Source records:
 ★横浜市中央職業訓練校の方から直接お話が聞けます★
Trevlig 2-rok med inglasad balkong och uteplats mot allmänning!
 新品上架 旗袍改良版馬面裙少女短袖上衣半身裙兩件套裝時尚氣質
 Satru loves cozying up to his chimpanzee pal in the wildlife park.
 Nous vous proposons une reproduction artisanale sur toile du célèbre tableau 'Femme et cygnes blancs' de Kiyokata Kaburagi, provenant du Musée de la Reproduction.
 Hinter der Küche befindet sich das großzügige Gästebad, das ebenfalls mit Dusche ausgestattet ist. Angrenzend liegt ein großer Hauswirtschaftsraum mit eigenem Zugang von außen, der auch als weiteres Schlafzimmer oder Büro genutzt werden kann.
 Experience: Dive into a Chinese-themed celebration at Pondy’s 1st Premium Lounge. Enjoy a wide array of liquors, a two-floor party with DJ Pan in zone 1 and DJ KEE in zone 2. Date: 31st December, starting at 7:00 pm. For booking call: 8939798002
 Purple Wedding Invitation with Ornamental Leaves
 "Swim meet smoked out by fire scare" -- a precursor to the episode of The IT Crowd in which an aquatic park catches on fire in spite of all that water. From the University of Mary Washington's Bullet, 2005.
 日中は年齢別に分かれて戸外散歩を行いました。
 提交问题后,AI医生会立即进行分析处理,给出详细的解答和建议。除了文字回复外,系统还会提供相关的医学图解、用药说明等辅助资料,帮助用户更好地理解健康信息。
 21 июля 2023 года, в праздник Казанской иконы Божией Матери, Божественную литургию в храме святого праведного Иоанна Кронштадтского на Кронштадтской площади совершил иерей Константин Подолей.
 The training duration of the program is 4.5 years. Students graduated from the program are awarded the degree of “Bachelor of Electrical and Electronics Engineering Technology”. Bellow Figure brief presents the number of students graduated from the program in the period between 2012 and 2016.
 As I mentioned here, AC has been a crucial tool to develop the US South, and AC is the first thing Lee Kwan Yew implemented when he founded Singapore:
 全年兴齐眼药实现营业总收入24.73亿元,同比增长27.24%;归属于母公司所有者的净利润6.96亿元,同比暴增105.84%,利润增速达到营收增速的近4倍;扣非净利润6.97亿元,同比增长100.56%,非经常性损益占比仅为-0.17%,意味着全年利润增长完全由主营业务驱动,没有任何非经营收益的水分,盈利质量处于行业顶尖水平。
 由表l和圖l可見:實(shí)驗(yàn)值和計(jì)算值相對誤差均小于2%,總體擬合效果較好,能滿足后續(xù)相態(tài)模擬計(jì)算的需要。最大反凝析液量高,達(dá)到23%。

What to work on:
Determine the number of lines above that include the word "with"; the reply is that number only.

Response to the exercise:
2